We will use a region_json vindex to compute the keyspace_id for a customer row using the (id, country) fields. Here’s what the vindex definition looks like:

  1. "region_vdx": {
  2. "type": "region_json",
  3. "params": {
  4. "region_map": "/home/user/my-vitess/examples/region_sharding/countries.json",
  5. "region_bytes": "1"
  6. }
  7. },

And we use it thus:

  1. "customer": {
  2. "column_vindexes": [
  3. {
  4. "columns": ["id", "country"],
  5. "name": "region_vdx"
  6. },

This vindex uses a byte mapping of countries provided in a JSON file and combines that with the id column in the customer table to compute the keyspace_id. This is what the JSON file contains:

  1. {
  2. "United States": 1,
  3. "Canada": 2,
  4. "France": 64,
  5. "Germany": 65,
  6. "China": 128,
  7. "Japan": 129,
  8. "India": 192,
  9. "Indonesia": 193
  10. }

The values for the countries have been chosen such that 2 countries fall into each shard.

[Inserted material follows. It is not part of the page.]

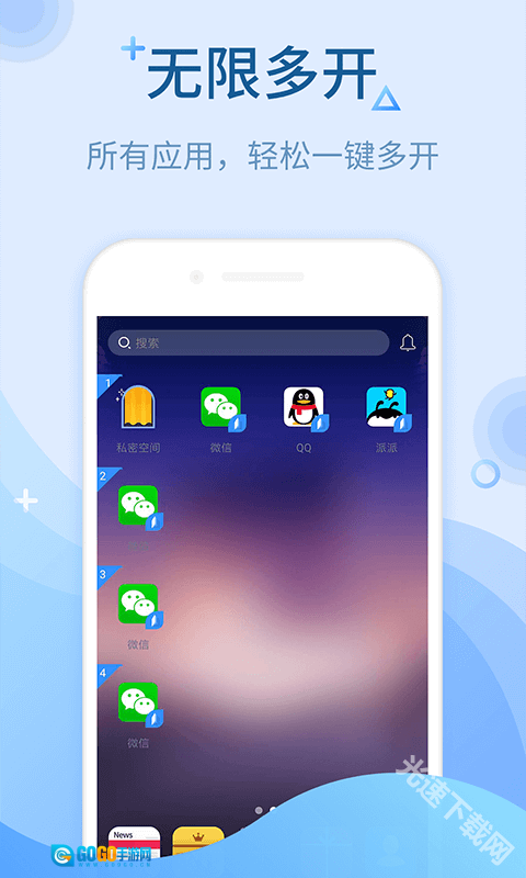 双打开、拆分、多打开应用,一键添加桌面快捷方式,任意更改微信、QQ等应用名称、图标,全部自定义。

In this example, we are using 1 byte to represent a country code. You can use 1 or 2 bytes. With 2 bytes, 65536 distinct locations can be supported. The byte value of the country(or other location identifier) is prefixed to a hash value computed from the id to produce the keyspace_id. This will be primary vindex on the customer table. As such, it is sufficient for resharding, inserts and selects. However, we don’t yet support updates and deletes using a multi-column vindex. In order for those to work, we need to create a lookup vindex that can used to find the correct rows by id. The lookup vindex also makes querying by id efficient. Without it, queries that provided id but not country will scatter to all shards.

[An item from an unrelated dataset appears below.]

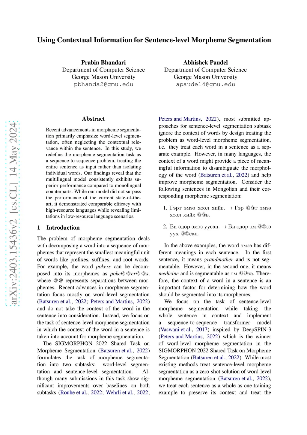 Using Contextual Information for Sentence-level Morpheme Segmentation

To do this, we will use the new vreplication workflow CreateLookupVindex. This workflow will create the lookup table and a lookup vindex. It will also associate the lookup vindex with the customer table.

Start the Cluster

Start by copying the region_sharding example included with Vitess to your preferred location.

  1. cp -r /usr/local/vitess/examples/region_sharding ~/my-vitess/examples/region_sharding
  2. cd ~/my-vitess/examples/region_sharding

The VSchema for this tutorial uses a config file. You will need to edit the value of the region_map parameter in the vschema file main_vschema_sharded.json. For example:

  1. "region_map": "/home/user/my-vitess/examples/region_sharding/countries.json",

Now start the cluster

  1. ./101_initial_cluster.sh

You should see output similar to the following:

  1. ~/my-vitess-example> ./101_initial_cluster.sh
  2. add /vitess/global
  3. add /vitess/zone1
  4. add zone1 CellInfo
  5. etcd start done...
  6. Starting vtctld...
  7. Starting MySQL for tablet zone1-0000000100...
  8. Starting vttablet for zone1-0000000100...
  9. HTTP/1.1 200 OK
  10. Date: Mon, 17 Aug 2020 14:20:08 GMT
  11. Content-Type: text/html; charset=utf-8
  12. W0817 07:20:08.822742 7735 main.go:64] W0817 14:20:08.821985 reparent.go:185] master-elect tablet zone1-0000000100 is not the shard master, proceeding anyway as -force was used
  13. W0817 07:20:08.823004 7735 main.go:64] W0817 14:20:08.822370 reparent.go:191] master-elect tablet zone1-0000000100 is not a master in the shard, proceeding anyway as -force was used
  14. I0817 07:20:08.823239 7735 main.go:64] I0817 14:20:08.823075 reparent.go:222] resetting replication on tablet zone1-0000000100
  15. I0817 07:20:08.833215 7735 main.go:64] I0817 14:20:08.833019 reparent.go:241] initializing master on zone1-0000000100
  16. I0817 07:20:08.849955 7735 main.go:64] I0817 14:20:08.849736 reparent.go:274] populating reparent journal on new master zone1-0000000100
  17. New VSchema object:
  18. {
  19. "tables": {
  20. "customer": {
  21. }
  22. }
  23. }
  24. If this is not what you expected, check the input data (as JSON parsing will skip unexpected fields).
  25. Waiting for vtgate to be up...
  26. vtgate is up!
  27. Access vtgate at http://localhost:15001/debug/status

You can also verify that the processes have started with pgrep:

  1. ~/my-vitess-example> pgrep -fl vtdataroot
  2. 9160 etcd
  3. 9222 vtctld
  4. 9280 mysqld_safe
  5. 9843 mysqld
  6. 9905 vttablet
  7. 10040 vtgate
  8. 10224 mysqld

The exact list of processes will vary. For example, you may not see mysqld_safe listed.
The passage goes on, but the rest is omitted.